Features of Equity shares capital: -
- No preferential (special) rights: -Equity share holders get dividend only after the dividend is paid to preference shareholders. Similarly, at the time of winding up of the company, the claim of equity shares is considered at the end.
- No fixed rate of dividend: -Company does not commit any fixed rate of dividend on equity shares. The rate of dividend keeps changing from year to year as per company’s financial position. The rate of dividend is recommended by Board of Directors every year and declared by share holders.
- Voting Rights: -Every equity shareholder has voting right in the proportion with the shares held by him. They can vote on all the matters placed before the meeting.
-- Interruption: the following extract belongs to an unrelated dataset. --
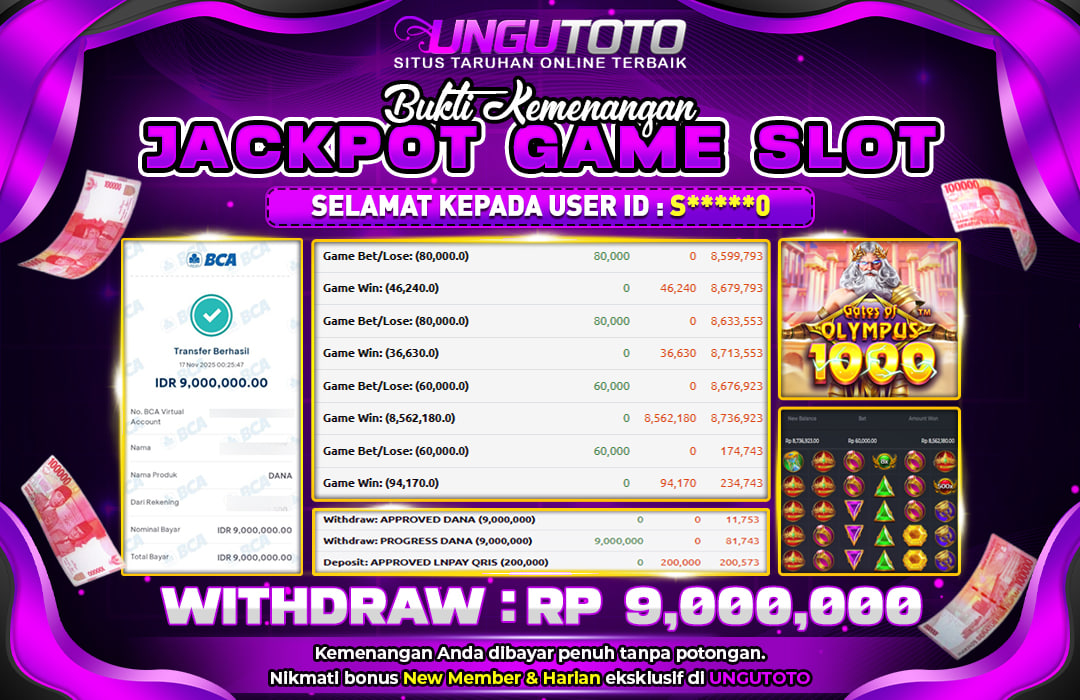 UNGUTOTO JACKPOT GATES OF OLYMPUS 1000 Rp.9.000.000 LUNAS
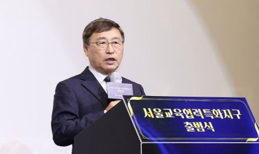 정근식 서울시교육감이 15일 서울 성동구 디노체컨벤션에서 열린 '서울교육협력특화지구 출범식'에서 축사하고 있다./연합뉴스 |

As per the rights conferred upon the equity shareholders by the companies Act, the voting rights can be exercised either personally or through proxy (only after observing certain rules)
- No claim on unpaid dividend: -If a company incurs loss or earns less profit in a particular year then it does not pay any dividend to equity share holders. The equity shareholders cannot claim this dividend in future.
- Irredeemable nature: -Company does not repay the money raised through equity shares during its lifetime. This money is repaid only at the time of winding up of the company.
- Chances of prosperity (richness): -Equity shareholders are paid dividend at fluctuating rate as per the profits of the company. They claim the entire amount of residual (remaining) of distributable profits. So, if company earns well, the equity shareholders also prosper along with the company.
- Privileges (rights): - It is the privilege and right of equity shareholders to have priority in purchasing shares in case of further public issue of shares. It is called as Right Issue. Equity shareholders are also entitled to receive bonus shares which are issued by companies as a gift.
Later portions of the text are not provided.